Now, she flexed her fingers inside her liners, inside her gloves, hoping the fingertips weren’t as badly frostbitten as they felt. Which was—not at all.

That had the surgeon inside her concerned, if not edging toward panic.

Numb fingers, numb toes, and in truth, a numb heart—frozen over with dread as she followed Sasha and Jenny through the icefall, pressing her axe into the snow with every step. They went before her, and she stepped directly into their footsteps, but Aria couldn’t help but notice the fissures in the ice, the blue-white glacial walls that fell thousands of feet. She took every step deliberately, waiting until Sasha finished her own deliberate steps across snow bridges and thick ridges, until Sasha had anchored in and waited for her to cross.

Just maybe, they wouldn’t die on the mountain.

Except, she’d burned down the tent. The black smudge they’d left in the snow a thousand feet up made her want to scream. It hadn’t been exactly her fault—Sasha had kicked the stove—but she knew better than to light it inside the tent.

Fingers. She’d just wanted to warm her fingers.

She’d wanted to suggest they stop for the day and dig in, right there, maybe figure out how to resurrect the stove. But probably it was toast, and besides, the doctor in her knew they had to get Sasha to a lower elevation. At least her friend had stopped throwing up.
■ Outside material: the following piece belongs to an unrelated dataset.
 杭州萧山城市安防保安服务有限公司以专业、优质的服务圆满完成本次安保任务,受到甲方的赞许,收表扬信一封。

“We’ll camp at the bottom of this icefall,” Jenny had said during their last huddle, right before they entered the chaos of ice debris the size of small buildings.
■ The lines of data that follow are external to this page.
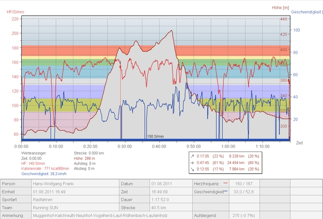 Heute mal wieder eine kleine Feierabendrunde über Kalchreuth gedreht. Diesmal nicht über Günthersbühl nach Behringersdorf, sondern über Neunhof, Vogelherd und Lauf. Dann nach Rückersdorf und Röthenbach wieder zurück. Schöne 40Km bei Spitzenwetter; kein Wind oder Regen !! Am Schluß waren es dann im Schnitt 33Km/h.
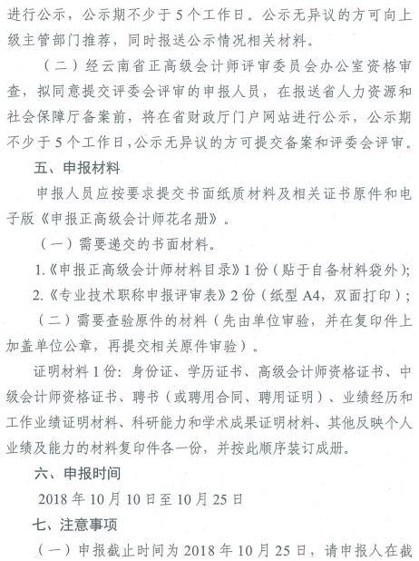 云南报送2018年正高级会计师职称资格评审材料的通知如下,申报时间:2018年10月10日至10月25日。
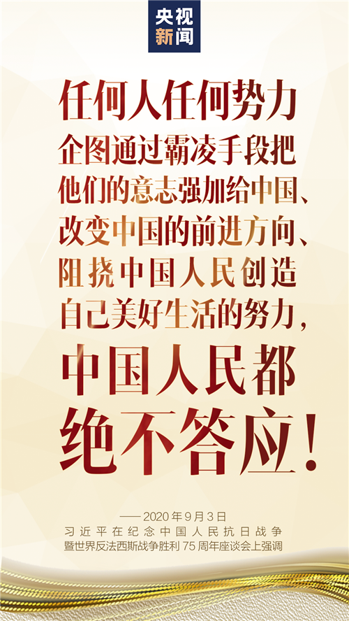 任何人任何势力企图通过霸凌手段把他们的意志强加给中国、改变中国的前进方向、阻挠中国人民创造自己美好生活的努力,中国人民都绝不答应!
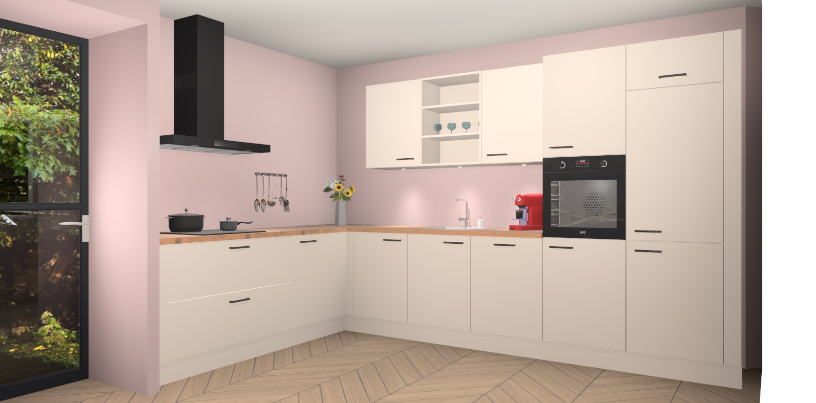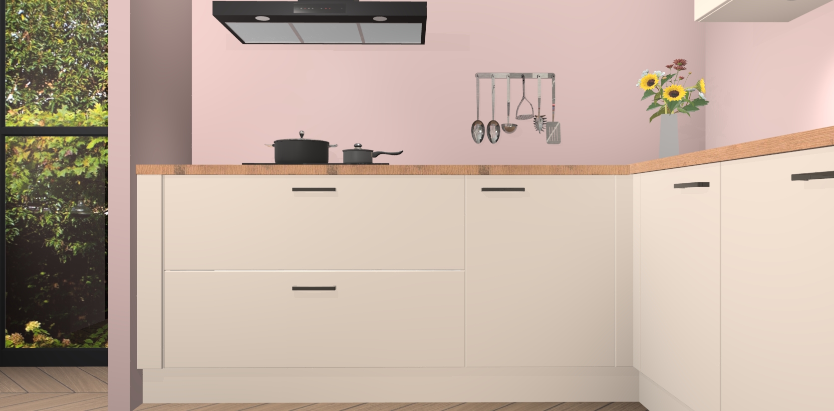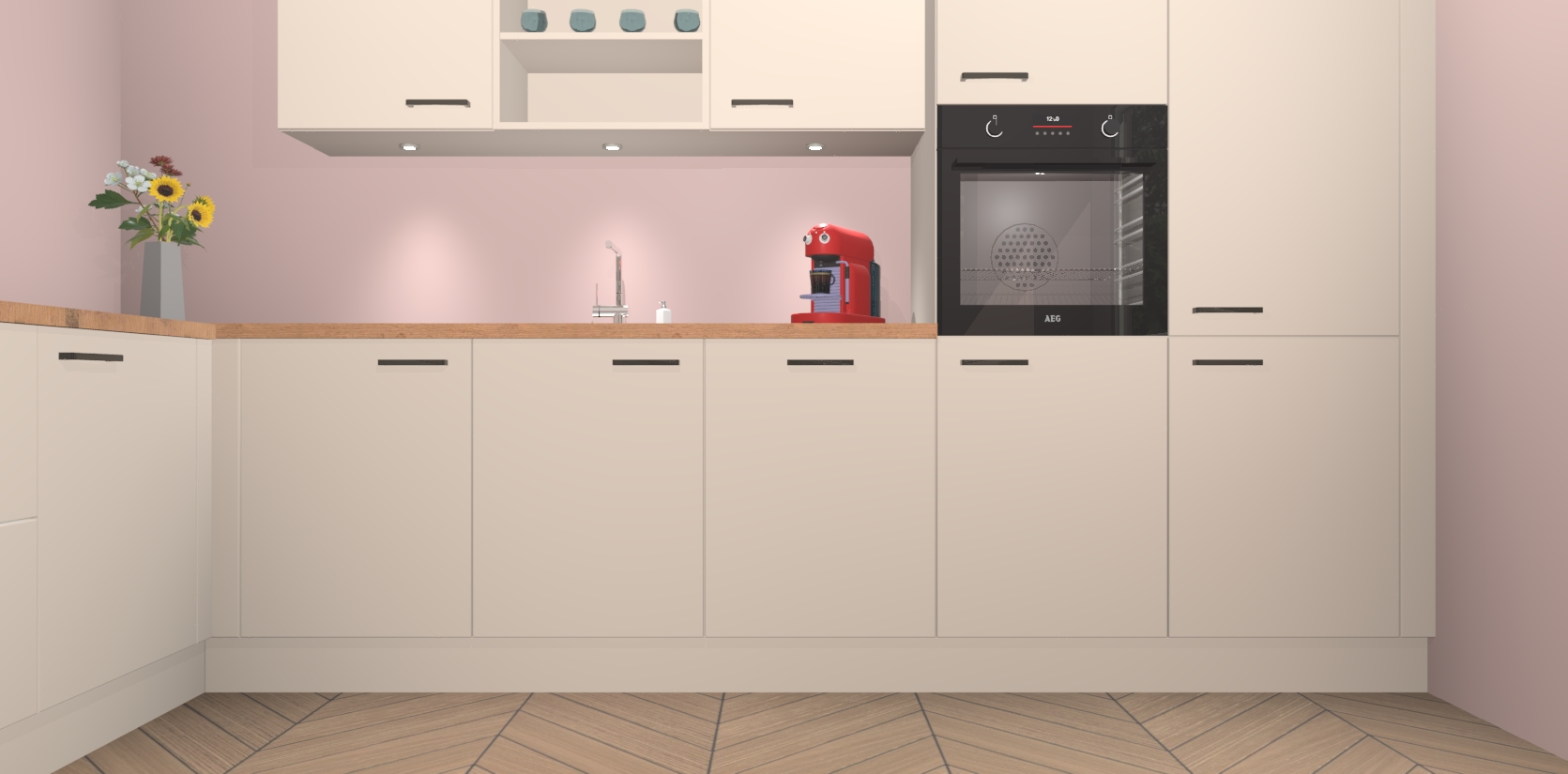 Inclusief plinten, stelpoten en werkblad
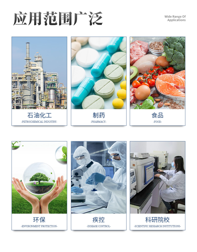 ● 儀器特別適用于各類企業、技術監督局、環境監測、衛生防疫、大學院校、科學研究等部門。
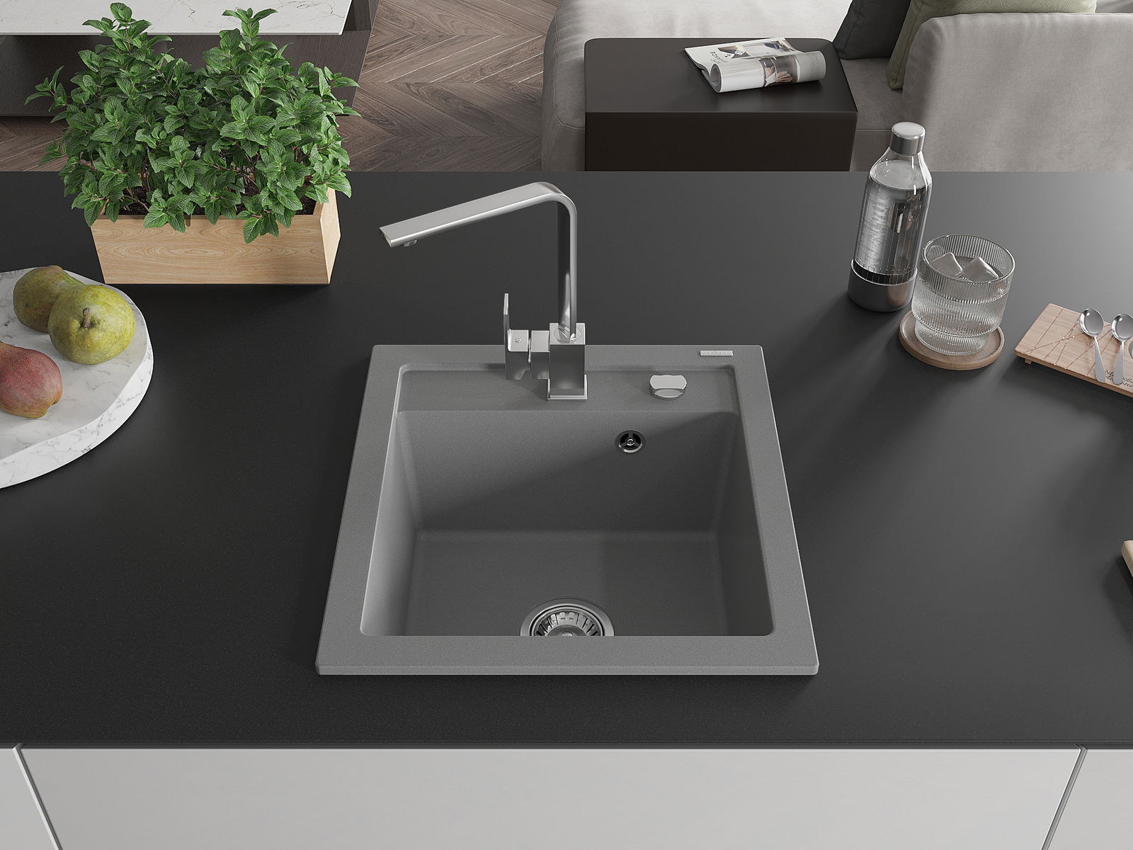 A mosogató kiváló minőségű gránitból készül. Ez egy elegáns és mindenekelőtt minden konyhához praktikus kiegészítés, stílusától függetlenül. A kiváló minőségű és a gránit tartósság biztosítja a sok éves használatát.
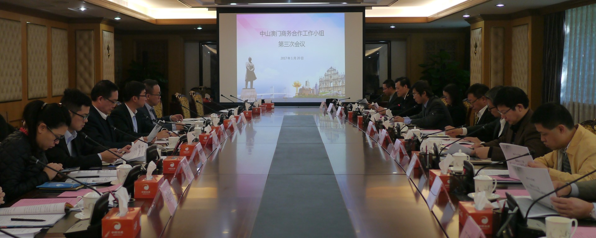 澳門貿易投資促進局主席、商務合作工作小組澳門方組長張祖榮率領一行7人,於1月20日到中山,與中山市人民政府副市長、商務合作工作小組中山方代表領導雷岳龍,進行中山與澳門商務合作工作小組會議,議程主要總結2016年度中山與澳門在商務合作方面的工作、探討及交流2017年工作計劃及完善兩地商務合作發展方式等。

The wind whipped up into Aria’s face mask and crusted her goggles with sleet.

Cancun. Yes. She’d only been half kidding when she suggested it.

She may or may not have been kidding about the men showing up to carry the heavy things.

Yes, indeed, men like Jake. I wouldn’t be sad if he showed up right now.

Now that had been Kia talking. Frankly, it had been her inner Kia who’d even said yes to Jake’s invitation to dance in the first place.

Kia was always getting her into messes.

Except, for a moment, Aria had let herself enjoy the idea of dancing with a stranger, of seeing the curiosity in his eyes as she flirted—yes, flirted—with him.

Okay, that had been all Kia too, because Aria didn’t possess a flirting cell in her entire body.

“You’re a charmer, aren’t you, Cowboy?”

Oh brother.

In front of her, Sasha was trudging up a tiny rise. The late-afternoon sun crested down, bathing the mountain valley in deep pink, the sky blue, snow scurrying off the icy boulders around her.

I have to go where I feel most alive. Do the things that ignite my soul.

Good grief. Her sister had a way of climbing into her head at the most inopportune times. Yes, yes, of course. We all want to live wild and dangerously, Kia.

But there was danger, and then there was insanity. And then there was sitting on the sofa, under a blanket, watching the insanity on television.

Definitely Cancun next year.

A crack and boom and Aria stilled, her foot pressed into the snow. Except, it wasn’t a fissure under her boot that opened up, but in the distance, off Karstens Ridge, a glacier head cracked and spilled into the bowl of Muldrow Glacier below them. A poof of white billowed up.

“Careful!” Jenny yelled. “The snow’s melting!” She stood on top of a serac, probably to check on Aria’s progress.

Funny. Back home, it was Aria keeping an eye on Jenny. Making sure she rested, didn’t drive herself too hard, didn’t get in over her head with life, with work. Because, like her, Jenny didn’t have anyone else. Aria didn’t have to be a psychologist to figure out why she loved Jenny like a sister.